YOUR TASK: Take the line with "주방 옆에 있는 베란다라서" and the rest of the lines after it, to the end of the entries, and restate them exactly.

Data excerpts:
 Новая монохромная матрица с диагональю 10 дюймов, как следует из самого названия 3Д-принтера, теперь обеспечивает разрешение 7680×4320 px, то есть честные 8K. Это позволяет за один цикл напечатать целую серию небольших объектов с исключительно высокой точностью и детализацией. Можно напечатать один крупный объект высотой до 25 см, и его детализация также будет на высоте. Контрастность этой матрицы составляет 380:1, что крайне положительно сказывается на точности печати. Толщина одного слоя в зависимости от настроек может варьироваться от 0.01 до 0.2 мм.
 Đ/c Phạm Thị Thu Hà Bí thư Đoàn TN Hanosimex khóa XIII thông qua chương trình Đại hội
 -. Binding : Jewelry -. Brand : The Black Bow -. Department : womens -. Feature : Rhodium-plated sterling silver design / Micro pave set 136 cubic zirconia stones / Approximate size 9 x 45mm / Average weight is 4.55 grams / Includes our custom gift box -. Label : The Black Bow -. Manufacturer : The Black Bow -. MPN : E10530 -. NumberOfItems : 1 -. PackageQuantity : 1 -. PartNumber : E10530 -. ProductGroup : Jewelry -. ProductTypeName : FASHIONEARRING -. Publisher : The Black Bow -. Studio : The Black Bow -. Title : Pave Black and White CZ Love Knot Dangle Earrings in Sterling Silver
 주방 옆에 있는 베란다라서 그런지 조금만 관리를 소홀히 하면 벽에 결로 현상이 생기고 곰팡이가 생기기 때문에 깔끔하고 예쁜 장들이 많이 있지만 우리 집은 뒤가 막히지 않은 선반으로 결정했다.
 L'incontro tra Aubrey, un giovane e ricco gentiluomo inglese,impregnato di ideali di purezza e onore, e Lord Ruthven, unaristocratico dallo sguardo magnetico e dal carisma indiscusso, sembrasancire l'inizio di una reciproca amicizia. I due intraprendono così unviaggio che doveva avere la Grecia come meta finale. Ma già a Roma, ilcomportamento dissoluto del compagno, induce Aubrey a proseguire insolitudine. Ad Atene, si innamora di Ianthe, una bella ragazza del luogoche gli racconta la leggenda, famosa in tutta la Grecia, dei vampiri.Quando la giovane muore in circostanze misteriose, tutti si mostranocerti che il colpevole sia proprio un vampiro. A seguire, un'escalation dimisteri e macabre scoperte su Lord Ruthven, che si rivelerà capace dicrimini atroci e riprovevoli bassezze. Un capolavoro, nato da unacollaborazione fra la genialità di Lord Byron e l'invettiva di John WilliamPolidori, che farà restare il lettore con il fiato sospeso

RESPONSE BOX:
 주방 옆에 있는 베란다라서 그런지 조금만 관리를 소홀히 하면 벽에 결로 현상이 생기고 곰팡이가 생기기 때문에 깔끔하고 예쁜 장들이 많이 있지만 우리 집은 뒤가 막히지 않은 선반으로 결정했다.
 L'incontro tra Aubrey, un giovane e ricco gentiluomo inglese,impregnato di ideali di purezza e onore, e Lord Ruthven, unaristocratico dallo sguardo magnetico e dal carisma indiscusso, sembrasancire l'inizio di una reciproca amicizia. I due intraprendono così unviaggio che doveva avere la Grecia come meta finale. Ma già a Roma, ilcomportamento dissoluto del compagno, induce Aubrey a proseguire insolitudine. Ad Atene, si innamora di Ianthe, una bella ragazza del luogoche gli racconta la leggenda, famosa in tutta la Grecia, dei vampiri.Quando la giovane muore in circostanze misteriose, tutti si mostranocerti che il colpevole sia proprio un vampiro. A seguire, un'escalation dimisteri e macabre scoperte su Lord Ruthven, che si rivelerà capace dicrimini atroci e riprovevoli bassezze. Un capolavoro, nato da unacollaborazione fra la genialità di Lord Byron e l'invettiva di John WilliamPolidori, che farà restare il lettore con il fiato sospeso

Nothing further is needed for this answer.